Story of the Day : The 1970s – A Period of Economic Turmoil

Now, let’s get into the heart of today’s topic: Are we headed for a repeat of the dangerous 1970s?

Most of you watching were born in the 1990s or later, and likely haven’t experienced firsthand the kind of economic turmoil that was prevalent in earlier decades. Since 2004, we’ve seen relatively stable markets, with only the Global Financial Crisis (GFC) and the COVID crash shaking things up. But if you look further back—30, 40, or even 50 years ago—the economic conditions were starkly different.

The 1970s, in particular, was a decade of economic chaos, often cited as the rare period of stagflation—where economic growth stagnated, inflation soared, and unemployment remained high. These three factors combined created a period of economic instability that most people today don’t fully understand.

During this tumultuous decade, inflation in the U.S. averaged over 7%. The oil shocks of 1973 and 1979 triggered an energy crisis, and the U.S. abandoned the gold standard in 1971, which eroded confidence in the U.S. dollar. As a result, the Fed Funds rate shot up from 4% to 20% by 1980.

A Decade of Economic Uncertainty

The 1970s saw the S&P 500 essentially stagnate for 14 years. The market went through multiple corrections—36%, 50%, and 28%—and many investors who started their journey in 1969 would have been severely disillusioned by the lack of returns. This was a time when confidence in the market could easily have been shattered.

The turning point came in 1971 when President Nixon ended the Bretton Woods Agreement, severing the U.S. dollar’s link to gold. This allowed the Federal Reserve to print money without having to back it up with gold, which led to high inflation and a devalued dollar.

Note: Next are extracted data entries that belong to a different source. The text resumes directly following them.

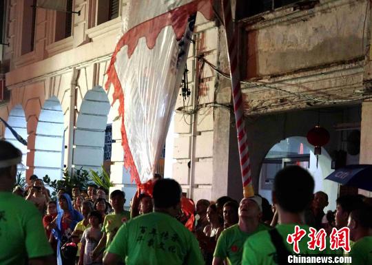 槟州华人表演以额头顶起十几米高大旗的绝技。 陈悦 摄
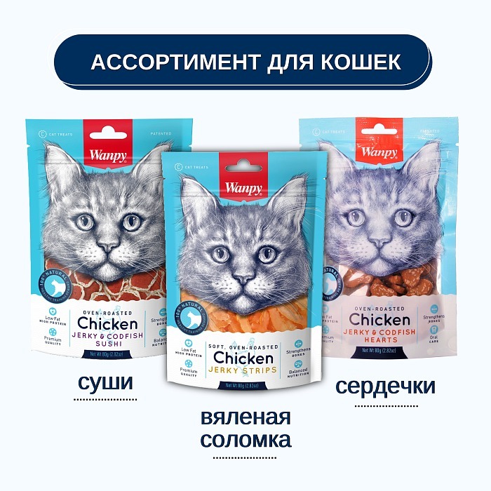 Wanpy Cat лакомство куриная соломка мягкая 80 г.
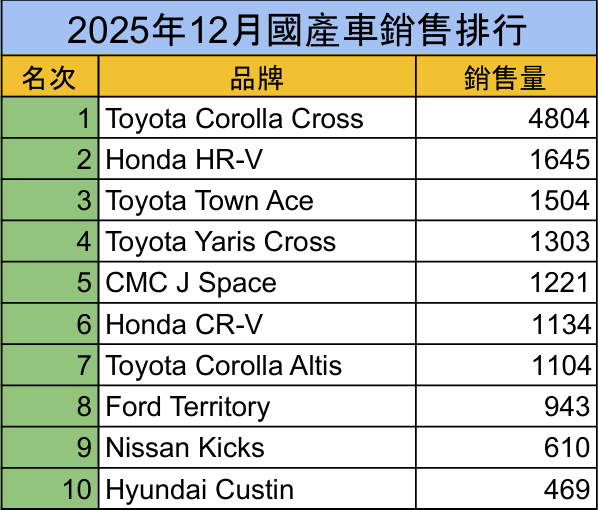 主力銷售集中於中小型休旅與高CP值車款,其中 Toyota 旗下 Corolla Cross 持續領跑國產市場,12月登錄 4,804 輛,全年累計達 44,800 輛,不僅刷新歷史銷售紀錄,也完成全市場全車種銷售五連霸,顯示家庭用車族群仍以價格穩定、妥善率與保值性為主要考量。
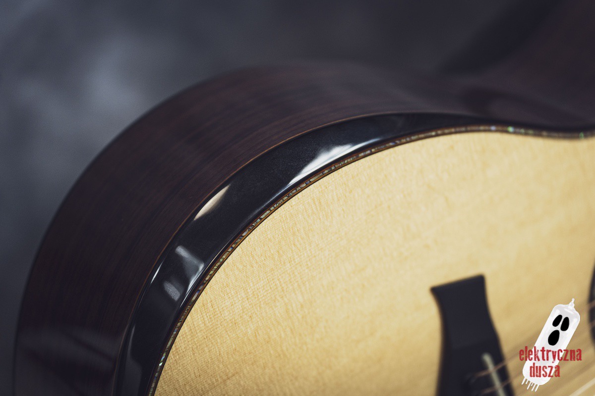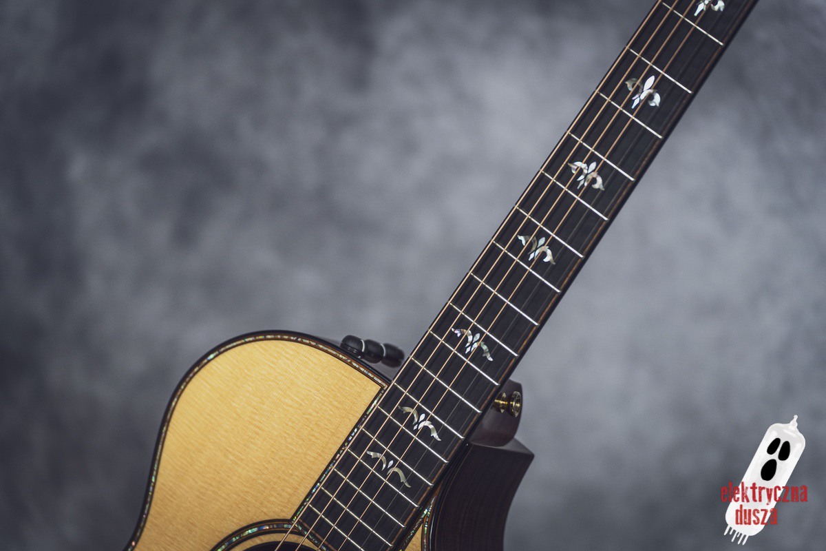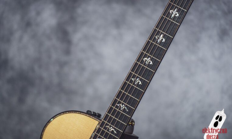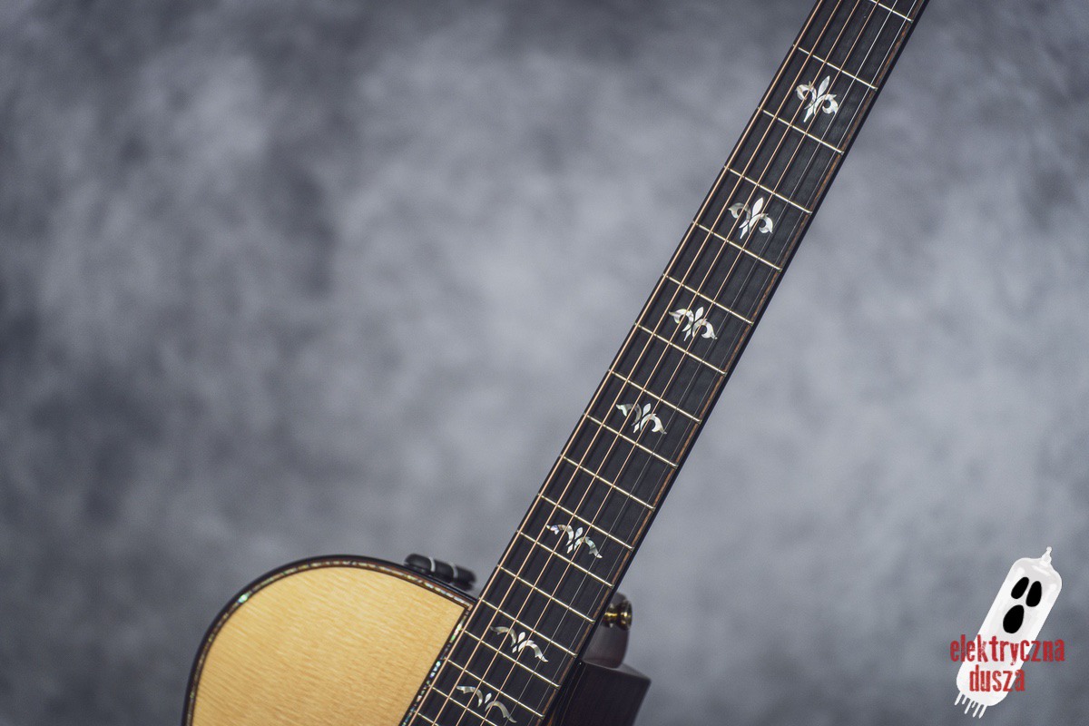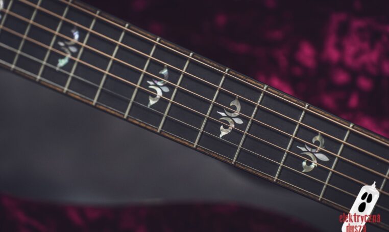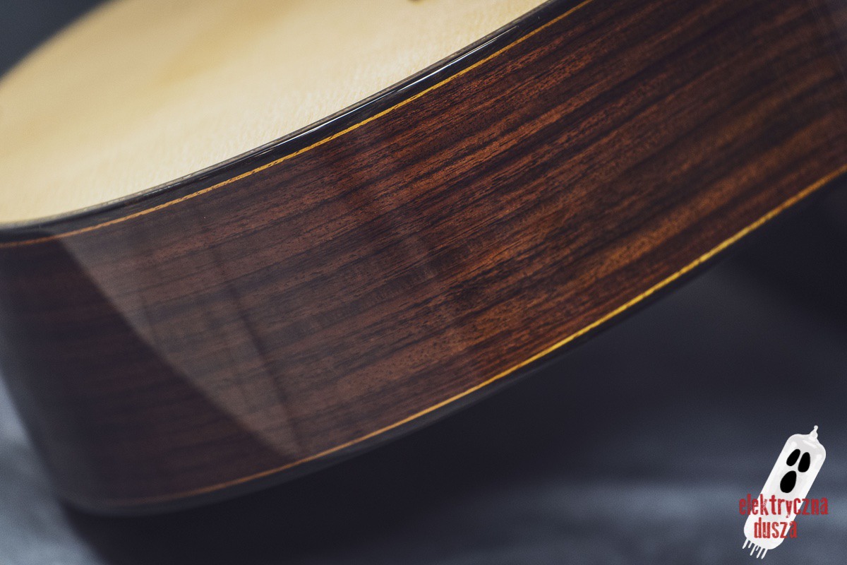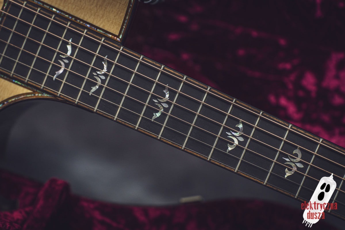 The guitar also stands out for its excellent craftsmanship and very impressive appearance. It includes many beautiful details, such as an ebony armrest, a stinger on the back of the headstock, an elegant multi-layer binding made from different materials, and detailed inlays. It is clear that this is a high-end, no-compromise instrument.

The Gold Rush of the 1970s

Gold, on the other hand, saw explosive growth during this period. From 1971 to 1980, the price of gold shot up from $32 per ounce to $800, a staggering 1800% increase. This period saw gold grow at a compound annual growth rate (CAGR) of 31%. In contrast, the S&P 500 returned just 35% from January 1970 to January 1980.

While this might sound unbelievable, it actually happened. The question remains: could something like this happen again?

Oil and Inflation: The Key Drivers

The oil shocks of the 1970s were another major factor that shaped the decade. In 1973, OPEC countries cut oil supply, causing oil prices to quadruple almost overnight. A similar shock occurred in 1979 during the Iranian Revolution. This led to fuel shortages, skyrocketing transportation costs, and inflation.

The inflation rate peaked at 13.5% in 1980. To combat this, the Federal Reserve raised interest rates dramatically, with the Fed Funds rate eventually reaching 20% by 1981.

The Path Forward: Will History Repeat?

So, where do we stand today? Many signs point to the possibility of repeating the economic environment of the 1970s. We’ve seen similar trends in inflation, rising oil prices, and the devaluation of currencies. While it’s impossible to predict the future with certainty, the historical parallels are certainly worth considering.

Whether we see gold prices soar, oil prices spike, or interest rates climb remains to be seen. But the lessons from the 1970s are clear: economic conditions can change rapidly, and it’s crucial to be prepared.

Conclusion

As we reflect on these potential outcomes, it’s clear that we need to prepare our financial portfolios for a range of scenarios. Just like we buy life insurance in case of an emergency, we should ensure that our investments are diversified and resilient enough to handle whatever may come our way.